By Earl T. Shinhoster

Vol. 11, No. 1, 1989, pp. 12-13

[Editor’s Note:]On February 2, 1988, fourteen black legislators were arrested in Alabama as they symbolically attempted to scale a fence to remove from the dome of the state capitol the Confederate flag which flies there. The resulting misdemeanor convictions are being appealed, but the incident brought into focus renewed efforts to remove symbols of slavery and segregation from public places. In the essays below, various Southerners speak their minds about the meaning and significance of this controversial symbol.

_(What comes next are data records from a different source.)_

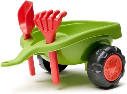 Transportiert Spielzeug, Sand oder kleine Lasten. Der Anhänger lässt sich leicht an- und abkuppeln – so wird das Spiel nie langweilig.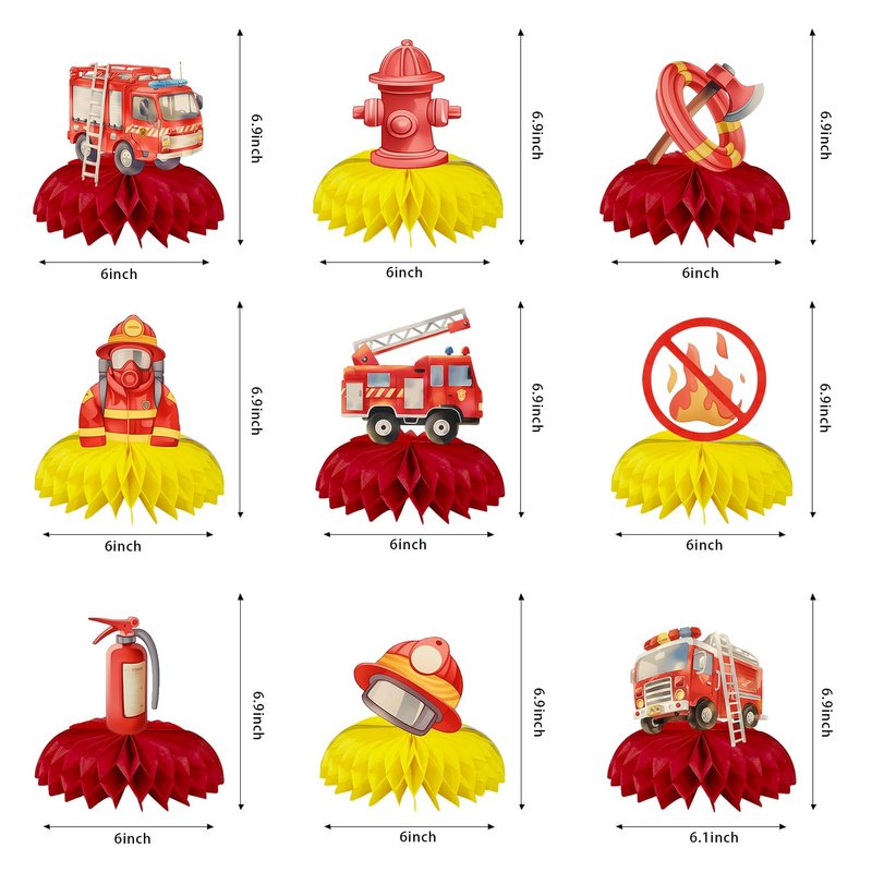 - Fire Decorations: You will get 9 pieces of firefighter party decorations. These firefighter party favors are perfect for hosting a fire truck theme or decorating a firetruck birthday party.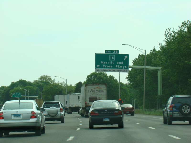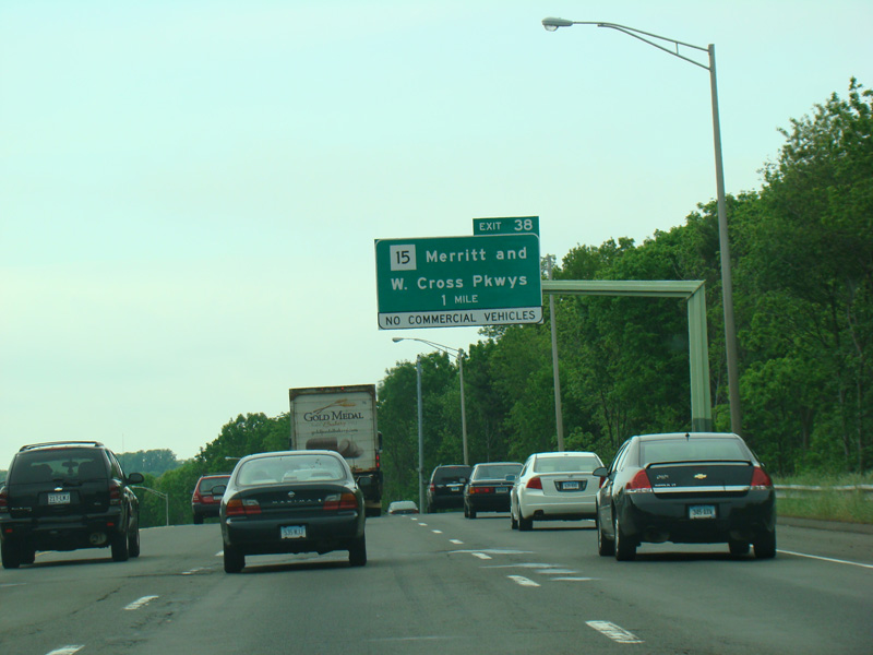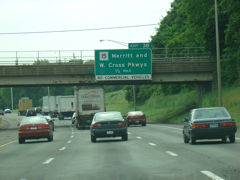 Exit 38 is for the Merritt Parkway (CT 15) and the Wilbur Cross Parkway (CT 15).

The Confederacy lives in the hearts and minds of the people of the Southland and the United States of America. Symbols are hard to die and harder still to demystify. In March 1987, the delegates to the Southeast Region NAACP Leadership Conference, meeting in Greenville, S.C., passed a resolution calling for the removal of the Confederate battle flags that fly atop state capitol buildings in Alabama and South Carolina and the removal of the Confederate battle flag from the official state flags in Mississippi and Georgia. The NAACP views the continued present display and misuse of the Confederate battle flag as an act of defiance and resistance of a defeated cause and vanquished philosophy. This symbol, the captured Confederate battle flag, is said to be the symbol of a people who fought against tyranny and for independence. That it represents the heritage and culture of the Southland and flies today as a tribute and memorial to those who sacrificed their lives for a cause. Indeed, the War of Rebellion–the Civil War between 1861-1865, was nothing short of America’s own holocaust. Over 600,000 men in gray and blue gave their lives. One of every four Southern white males between the ages of 18 and 40 died.

Historians disagree over the causes of secession and the war. Some suggest that the war was fought over the issue of Southern independence from a tyrannical majority, while others suggest that the issue was preservation of the Union. Regardless, the question of African slavery and the economic advantages and disadvantages created by the “peculiar institution” is interwoven into any full discussion of the war’s causes. In fact, the course of the war was greatly affected by the presence and role of the African slaves and free Africans in the South and North.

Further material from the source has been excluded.